Description of the task: No pictures, nothing altered: return the data below.
[Given material]
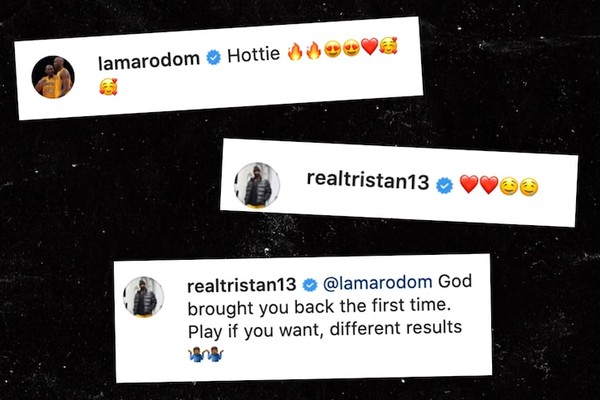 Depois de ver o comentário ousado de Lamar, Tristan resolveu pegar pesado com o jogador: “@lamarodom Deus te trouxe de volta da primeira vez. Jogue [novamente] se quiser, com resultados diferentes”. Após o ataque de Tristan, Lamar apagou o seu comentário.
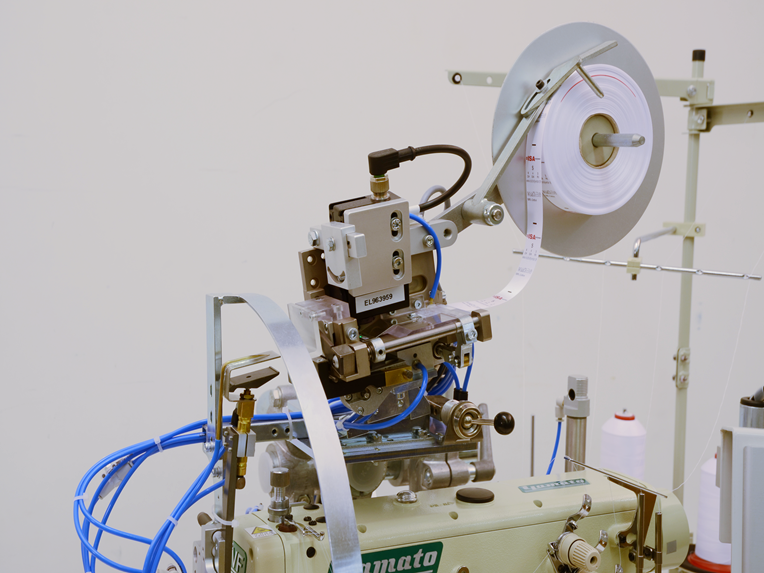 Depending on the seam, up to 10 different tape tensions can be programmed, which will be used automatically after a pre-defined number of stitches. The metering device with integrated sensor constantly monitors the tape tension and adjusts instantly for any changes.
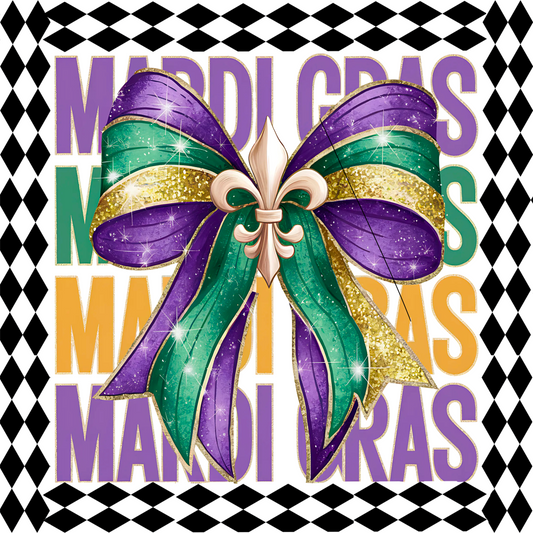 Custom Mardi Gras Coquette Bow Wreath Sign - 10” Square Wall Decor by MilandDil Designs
[/Given material]
Exercise answer:
 Depois de ver o comentário ousado de Lamar, Tristan resolveu pegar pesado com o jogador: “@lamarodom Deus te trouxe de volta da primeira vez. Jogue [novamente] se quiser, com resultados diferentes”. Após o ataque de Tristan, Lamar apagou o seu comentário.
 Depending on the seam, up to 10 different tape tensions can be programmed, which will be used automatically after a pre-defined number of stitches. The metering device with integrated sensor constantly monitors the tape tension and adjusts instantly for any changes.
 Custom Mardi Gras Coquette Bow Wreath Sign - 10” Square Wall Decor by MilandDil Designs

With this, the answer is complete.